Wednesday, 2 October 2013

Food of the future: What will we be eating in 2063?

Ben Spalding - 30 ingredient salad
30 ingredient salad

What will food look like 50 years from now?
That is the question that top appliance aficionado Miele attempts to explore, in their recently launched 2063 Dining, an exhibition held at the London Design Festival, that cast an eye ahead to 2063 dining experiences.

In celebration of its 50th anniversary in the UK, Miele, along with leading online fashion and trend forecasting agency, Trendstop, commissioned a report revealing the kitchen of the future will be a fully interactive and multi-functional space, featuring a range of new systems and technologies.

Trendstop CEO, Jaana Jatyri, comments: "There will be dramatic changes in the way we source food and even in what we eat in the next 50 years. For example, the way we are used to transporting food from the farm to store to the home as well as storing it in each stage wastes vast amount of energy and resources. Future consumers will be growing more of their food fresh right in their kitchens. We also suspect they will be able to take advantage of advanced technologies that work on cellular and atomic rather than mechanical levels."

To illustrate the concept, Miele partnered with critically acclaimed chef Ben Spalding, to create a "Feast to the Future".  Ben, 26, who has worked at Heston Blumenthal's three-star Fat Duck and Raymond Blanc's Le Manoir, designed a range of dishes anticipated to be popular in 2063, based upon the themes of home grown, "hyper-local" produce and health conscious food preparation methods.

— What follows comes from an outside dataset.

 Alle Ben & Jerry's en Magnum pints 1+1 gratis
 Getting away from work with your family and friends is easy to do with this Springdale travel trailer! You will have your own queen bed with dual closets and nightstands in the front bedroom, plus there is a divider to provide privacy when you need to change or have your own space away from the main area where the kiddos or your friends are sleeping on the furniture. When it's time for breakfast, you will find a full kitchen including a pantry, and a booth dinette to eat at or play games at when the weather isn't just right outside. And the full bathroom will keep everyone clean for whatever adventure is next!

Chef Ben Spalding creating his "30 ingredient salad"
Chef Ben Spalding creating his "30 ingredient salad"

It is predicted that in fifty years, as the demands for fresh, locally produced organic food increases, we will all, to some degree, grow our own food.  Pioneering technology will allow those of us living in the smallest of spaces, to grow their own vegetables, like this micro cress that Ben grew indoors, using Farmino prototype technology, which combines LED lighting, hydroponics and smart cloud software to control the speed at which vegetables grow.

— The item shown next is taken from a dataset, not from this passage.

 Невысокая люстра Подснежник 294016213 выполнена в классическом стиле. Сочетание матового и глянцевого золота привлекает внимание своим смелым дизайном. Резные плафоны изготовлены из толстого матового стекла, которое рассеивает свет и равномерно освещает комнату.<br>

Ben comments, "Consumers will also have a much wider range of flavours available to them as people will rediscover plants that aren't suitable for commercial food storage or transport, but which suit home growing."

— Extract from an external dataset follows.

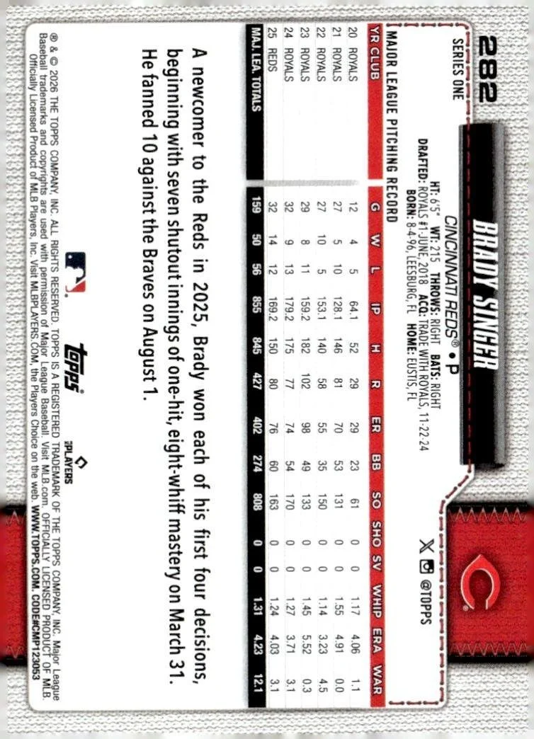 This is a nice example of a 2026 Topps #282 Brady Singer

Miele also predicts that kitchens of the future will be equipped with plant walls for water storage and in order to bolster the amount of fresh oxygen available in the home.  The kitchen will also be fully equipped with hydro-nutrition technology to grow delicious fruit, vegetables, herbs and other plants in these growing pods. 

Farmino prototype
Selection of micro cress grown in a Farmino prototype machine

Full of superfoods and jam packed with antioxidants, 10-a-day juices will be the norm.     And it won't just be fruit in your smoothie, just as "green" juices and have become all the rage, it is envisaged that there will be a shift toward "functional food cocktails" where according to Ben, "the idea is to create meals that will contain all the essential vitamins, minerals and macro-nutrients people need to survive."  Ben's creation included a range of ingredients from your everyday Bramley apple juice and lemon zest, to more exotic ones like matcha green tea powder, powdered Tonka Bean, Shiso dressing and tuna mayonaise puree.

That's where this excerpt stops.